Lorsque Klester Cavalcanti est correspondant du magazine Veja, en Amazonie, il réalise un reportage sur le travail esclave, sur ces ouvriers asservis par les propriétaires terriens, les facendeiros. Ces derniers n’hésitent pas à user de la force la plus brutale, allant jusqu’à payer des tueurs à gages pour forcer les esclaves à rester en faisant assassiner des proches. Voulant rencontrer l’un de ces tueurs, un policier le met en contact avec Júlio Santana. Entre mars 1999 et janvier 2006, il entretient avec cet homme des relations téléphoniques régulières. Celui-ci, peu à peu, raconte sa vie depuis ce 7 août 1971 où, à dix-sept ans, il accomplit son premier contrat, son premier meurtre commandité.
Júlio vit avec sa famille dans une baraque en bois, dans une région totalement isolée au cœur de la jungle amazonienne du Brésil. Il cultive, dès l’enfance, une amitié avec son oncle Cícero, le jeune frère de son père. Celui-ci, est parti pour la capitale de l’Etat. Il est revenu vêtu d’un uniforme de la police militaire. Cícero, qui rentre régulièrement, apprend à Júlio l’usage des armes pour chasser et nourrir sa famille. Lors d’un séjour, il est pris d’une crise de malaria qui le laisse sans forces. Il raconte alors à son neveu qu’il est tueur à gages pour arrondir ses fins de mois. Il lui demande de remplir le contrat pour lequel il est là. Il s’agit de tuer un pêcheur. “Vise-le au cœur et imagine-toi que tu vas abattre un animal, comme à la chasse.”

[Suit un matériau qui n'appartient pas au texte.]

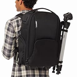 Padded compartment for a tablet or 17-inch laptop; front pockets, side straps for a tripod; 2 side pockets with space for memory cards
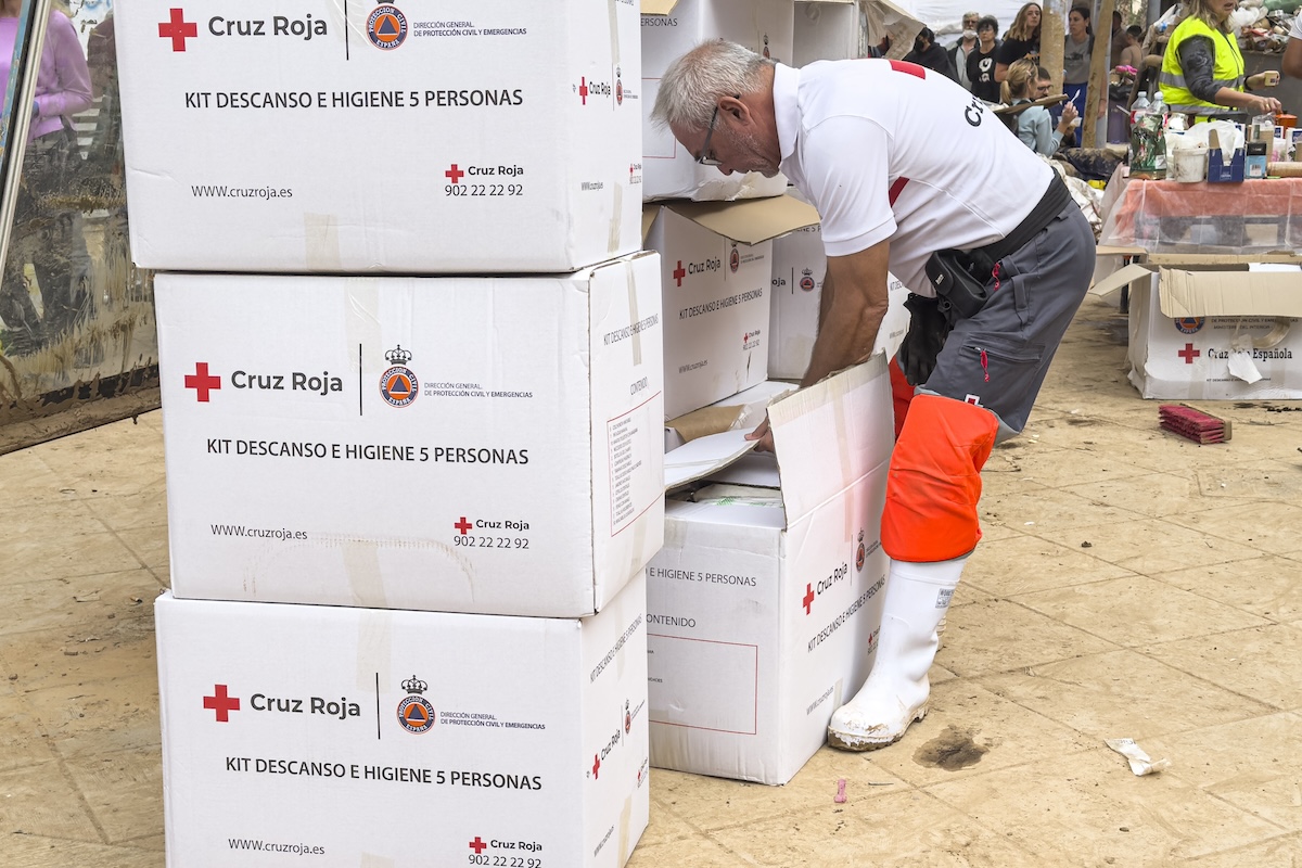 Cruz Roja en coordinación con la Diputación de Valencia está entregando kits de abrigo e higiene de la Dirección General de Protección Civil a la población afectada por la DANA en los municipios de Aldaia, Catarroja, Paiporta, Sedaví, Picanya, Albal, Alfafar y Beniparrell. El dispositivo, que se está llevando a cabo durante las jornadas del martes y el miércoles ante la previsión del descenso de las temperaturas, supondrá el reparto por parte de Cruz Roja de 1.800 cajas que darán cobertura a 9.000 personas. Se trata de kits con materiales estandarizados de Protección Civil

Petit à petit, au téléphone, Júlio se livre et décrit sa vie, son mariage, ses enfants, une existence qui semble normale. Il tient un état de ses contrats sur un cahier et, en trente-cinq ans, il totalise quatre cent quatre-vingt-douze meurtres, dont quatre cent quatre-vingt-sept sont répertoriés avec la date, le lieu, la somme perçue, le commanditaire et le nom de la victime. Il raconte, également, comment il s’arrange avec la morale, avec la religion, car il est resté très croyant. Il expose les difficultés avec son épouse lorsqu’il lui avoue la nature de son activité, la façon de gagner sa vie. Mais l’auteur montre un homme sensible, qui exprime ses sentiments, ses craintes, ses émotions.

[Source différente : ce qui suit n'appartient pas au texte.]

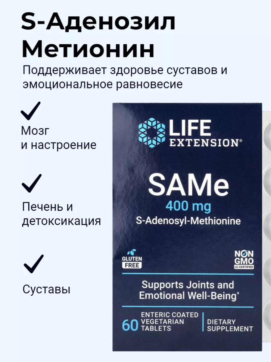 Life Extension S-Аденозил Метионин, SAME, 400 мг, 60 таблеток
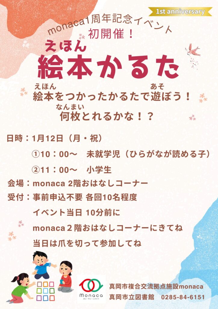 monacaで初開催!絵本のかるたで遊んでみませんか。新しい楽しい絵本が見つかるかも! 時間:①10:00~ 未就学児(ひらがなが読める子) ②11:00~ 小学生 場所:monaca 2階おはなしコーナー 事前の […]
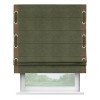 Римская штора производителя «Cortin», используется для проёма, пошита из ткани софт однотонный зелёный, артикул 33110. Отделка шторы кантом «Стрим Дуо» на кантах расположены люверсы с пояском, ткань для канта используется из софта разной расцветки на выбор. Ткань для пояска обычно используется из основной ткани шторы, а так же можно сделать из любой расцветки по желанию. Имеет универсальный механизм и подходит для монтажа: на потолок, на стену и в нишу.
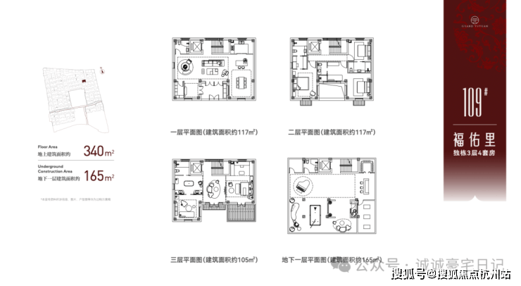 地上建筑面积约340㎡户型,地下一层建筑面积约165㎡。
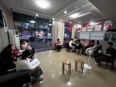 全部实习调研工作结束后,师生在晚间于驻地展开集中研讨,结合座谈与调研情况,围绕明显陵与莫愁村旅游发展与管理的现实与挑战进行交流与讨论,话题从文物保护与旅游开发的边界谈到文化产品策划的实践路径,从景区营造的审美逻辑延伸到消费者心理的深层动因,讨论氛围热烈甚至激烈,不时出现观点碰撞与思维反转。两位指导老师结合自身研究经验,对学生提出的问题给予回应与追问,极大地激发了大家的思辨与表达,帮助学生在实景中验证与挑战课本知识,在交流中不断修正理解路径。历史遗产的静默与乡村旅游的喧腾,在这一天交替出现,也在每一位参与者心中留下了对“文旅融合”更具体而生动的想象空间。
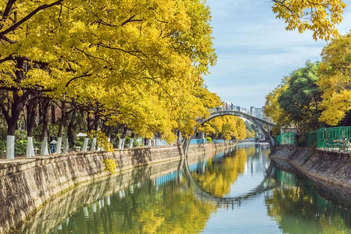 Dù nổi danh là “thành phố mùa xuân”, Côn Minh mùa thu cũng rất đáng để ghé thăm. Các công viên và hồ nước trong thành phố được bao phủ bởi hàng cây lá vàng đỏ, khí hậu mát mẻ, dễ chịu. Một buổi chiều dạo quanh Hồ Điền Trì, bạn có thể ngồi xuống bên quán trà nhỏ, ngắm mặt hồ phẳng lặng và thưởng thức tách trà hoa cúc – cảm giác nhẹ nhàng, thư thái hiếm có.

Autour de ce tueur, qui n’a été arrêté qu’une seule fois dans sa carrière, Klester Cavalcanti décrit le Brésil, ses zones excentrées au cœur de la jungle, la lutte de l’armée contre les communistes et les moyens mis en œuvre pour faire coopérer les populations, la corruption de la police…
Le journaliste livre le récit d’un témoignage hallucinant sur ce personnage, mais aussi sur son environnement tant naturel qu’humain. En effet, il ne se contente pas de retranscrire les confidences de Júlio Santana, il se livre à la recherche d’autres sources, d’autres témoignages, recoupant les informations, les affirmations. Il tente de comprendre et d’expliquer comment un homme ordinaire, qui n’est ni violent, ni agressif, bon père de famille, peut aligner un tel nombre de meurtres. Connu pour son efficacité et sa discrétion, il ne reste pas sans travail. Il ne se passe pas un mois sans qu’il ait une proposition.

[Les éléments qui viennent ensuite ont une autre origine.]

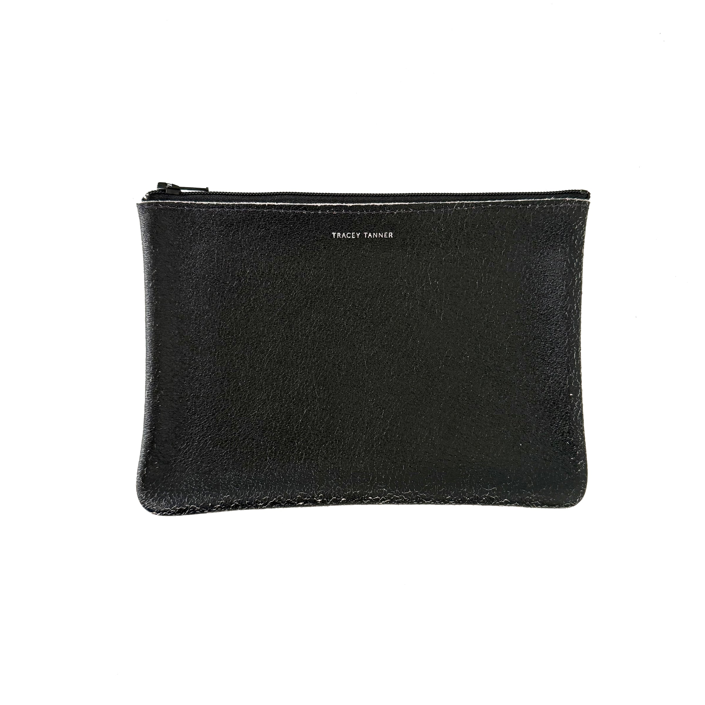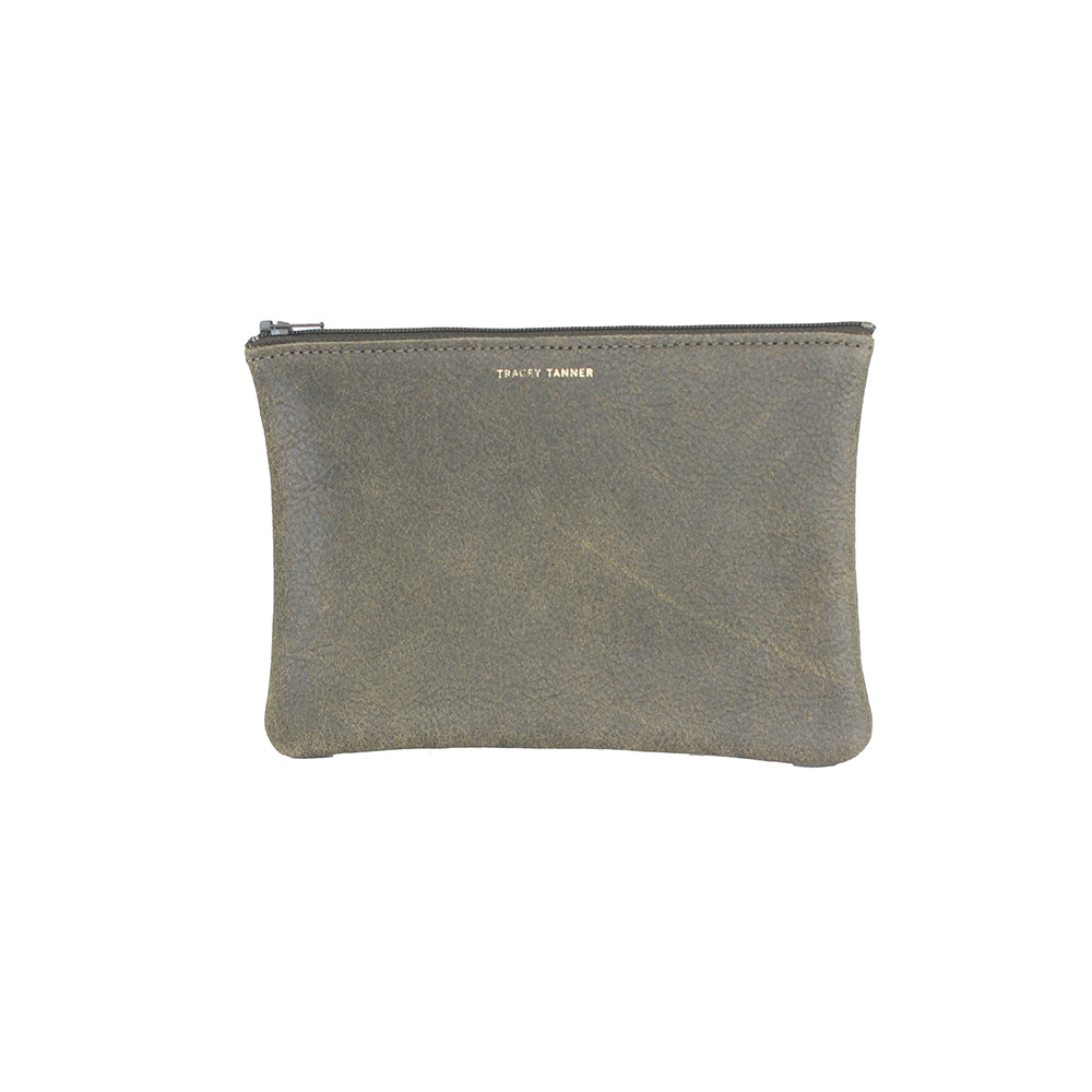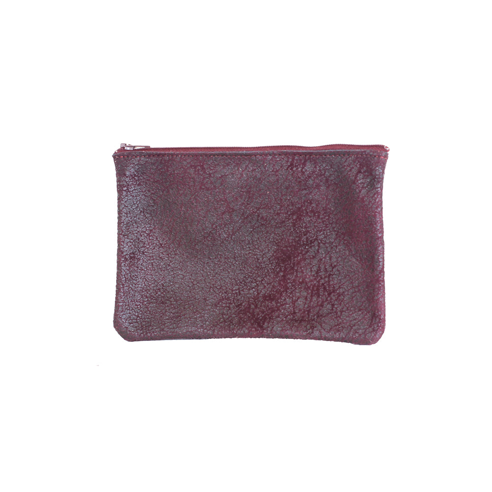 Leather flat zip-top pouch perfectly sized to carry your phone, cash, credit cards and/or cosmetics: Use it to organize your essentials in a larger bag or carry it alone as a clutch.
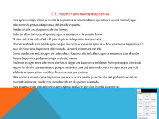 Este documento describe diferentes operaciones para trabajar con diapositivas en PowerPoint, incluyendo insertar nuevas diapositivas, seleccionar diapositivas, copiar y duplicar diapositivas, mover diapositivas entre posiciones, e eliminar diapositivas. Proporciona instrucciones detalladas sobre cómo realizar cada operación usando la interfaz de PowerPoint o atajos de teclado.
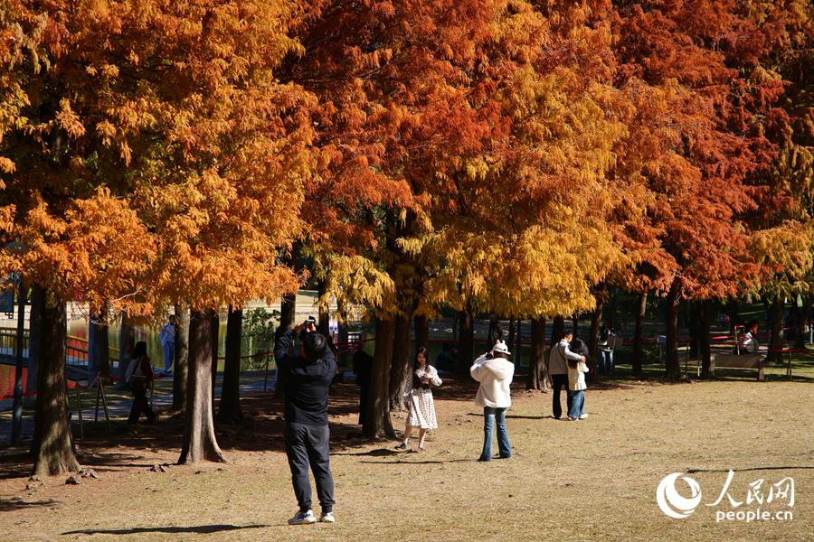 和煦暖阳下,落羽杉金红一片。人民网记者 陈博摄

Si l’on peut penser que Júlio est unique par le nombre de contrats réalisés, combien d’autres, comme lui, dans ce grand pays, exercent la même activité ?
Avec 492 — confessions d’un tueur à gages, Klester Cavalcanti propose une histoire qu’il est difficile d’oublier tant l’écart est énorme entre l’individu et son parcours dans un environnement dantesque.
serge perraud
Klester Cavalcanti, 492 - Confessions d’un tueur à gages (O nome da morte), traduit de brésilien par Hubert Tézenas, Éditions Métailié, coll. “Bibliothèque brésilienne”, janvier 2018, 224 p. – 18,00 €.